• **ACTIVITY**
Leaving out all images, return the entries below exactly.
··· DATA TO EXAMINE
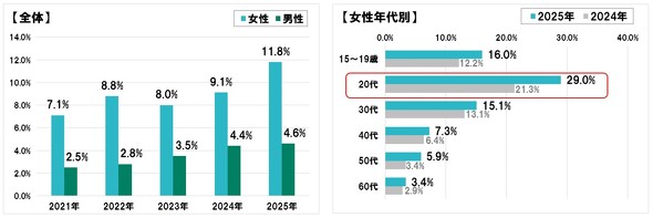 まつ毛パーマ、まつ毛エクステンション、眉カットなどを行うアイビューティーサロンの市場規模は、ここ2年で急拡大し1384億円(同17.4%増)に達した。男女ともに利用率が増加しており、特に20代女性の約3割が1年以内に利用した。
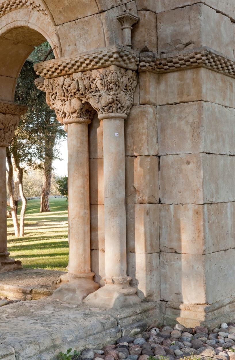 A la derecha puede distinguirse una ventana que es la misma que también observamos en la fotografía sobre la cabeza de Moreno. La reconstrucción de los ábsides fue total, Imagen pero tampoco debemos afirmar que todo lo que vemos allí es 'falso', como sucedió de manera similar -tras mil años de historia- en San Juan de la Peña o previsiblemente con los capiteles y cimacios del claustro palamosino, en el que los paramentos verticales son más que improbable, imposible -principalmente por su volumen, peso y estado de conservación-, que sean los originales después de un milenio de olvido en cajas, pues nadie lo recordaba antes construido.
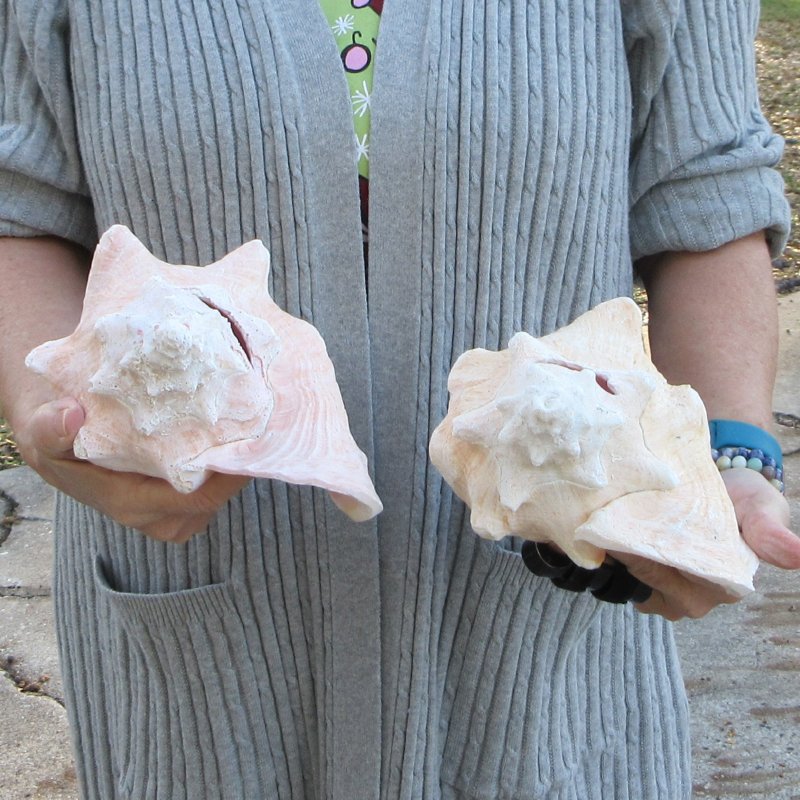 Two pink conch shells for sale (Strombus gigas), large shells for decorating. Measuring approximately 8 & 9 inches long each. These conchs will have a slit in the back of the shell, done to quickly remove the meat.  The lips have been machine edged.   These are nice shells, but are NOT perfect. They will have natural imperfections such as; chipped or broken points, holes, worm holes or pock marks, calcium build-up, chipped edges, etc., from living in the oceans and aging.  Pink conchs are found in Southeast Florida, Bermuda and the West Indies. Pink conch shells are great for display in your home or around a pool area or in a garden.
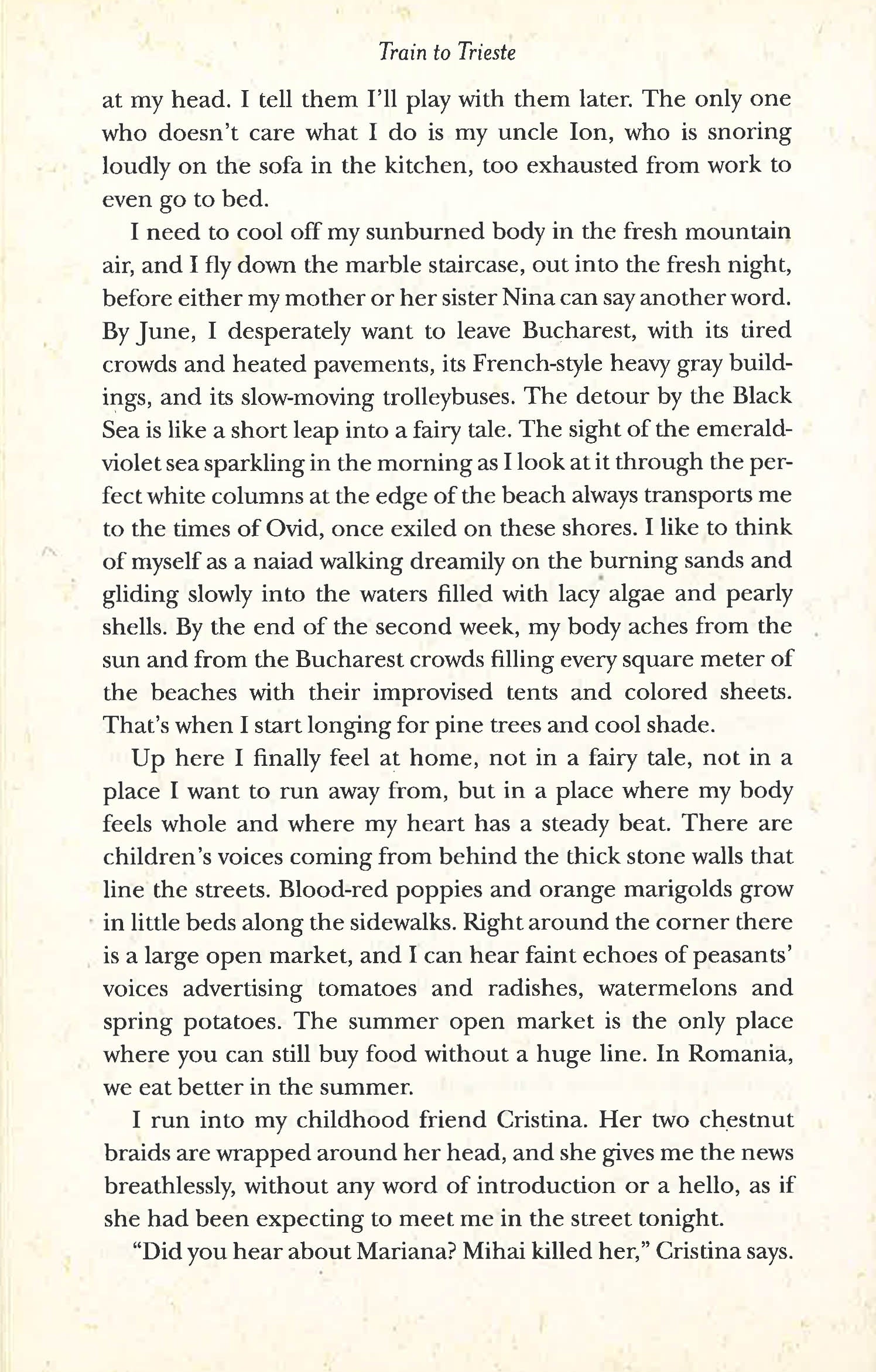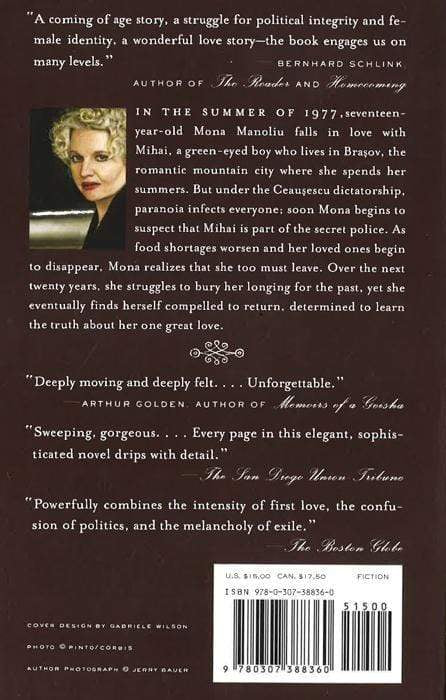 In the summer of 1977, seventeen-year-old Mona Manoliu falls in love with Mihai, a green-eyed boy who lives in Brasov, the romantic mountain city where she spends her summers. But under the Ceausescu dictatorship, paranoia infects everyone; soon Mona begins to suspect that Mihai is part of the secret police. As food shortages worsen and her loved ones begin to disappear, Mona realizes that she too must leave. Over the next twenty years, she struggles to bury her longing for the past, yet she eventually finds herself compelled to return, determined to learn the truth about her one great love. *This book may have remainder mark*
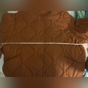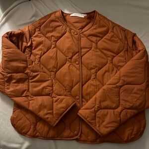 ASTR clay/rust quilted coat with snap buttons and pockets. excellent condition, worn once only. no flaws! perfect for autumns leaves falling down like pieces into place iykyk!
······
• **WRITTEN ANSWER**
 まつ毛パーマ、まつ毛エクステンション、眉カットなどを行うアイビューティーサロンの市場規模は、ここ2年で急拡大し1384億円(同17.4%増)に達した。男女ともに利用率が増加しており、特に20代女性の約3割が1年以内に利用した。
 A la derecha puede distinguirse una ventana que es la misma que también observamos en la fotografía sobre la cabeza de Moreno. La reconstrucción de los ábsides fue total, Imagen pero tampoco debemos afirmar que todo lo que vemos allí es 'falso', como sucedió de manera similar -tras mil años de historia- en San Juan de la Peña o previsiblemente con los capiteles y cimacios del claustro palamosino, en el que los paramentos verticales son más que improbable, imposible -principalmente por su volumen, peso y estado de conservación-, que sean los originales después de un milenio de olvido en cajas, pues nadie lo recordaba antes construido.
 Two pink conch shells for sale (Strombus gigas), large shells for decorating. Measuring approximately 8 & 9 inches long each. These conchs will have a slit in the back of the shell, done to quickly remove the meat.  The lips have been machine edged.   These are nice shells, but are NOT perfect. They will have natural imperfections such as; chipped or broken points, holes, worm holes or pock marks, calcium build-up, chipped edges, etc., from living in the oceans and aging.  Pink conchs are found in Southeast Florida, Bermuda and the West Indies. Pink conch shells are great for display in your home or around a pool area or in a garden.
 In the summer of 1977, seventeen-year-old Mona Manoliu falls in love with Mihai, a green-eyed boy who lives in Brasov, the romantic mountain city where she spends her summers. But under the Ceausescu dictatorship, paranoia infects everyone; soon Mona begins to suspect that Mihai is part of the secret police. As food shortages worsen and her loved ones begin to disappear, Mona realizes that she too must leave. Over the next twenty years, she struggles to bury her longing for the past, yet she eventually finds herself compelled to return, determined to learn the truth about her one great love. *This book may have remainder mark*
 ASTR clay/rust quilted coat with snap buttons and pockets. excellent condition, worn once only. no flaws! perfect for autumns leaves falling down like pieces into place iykyk!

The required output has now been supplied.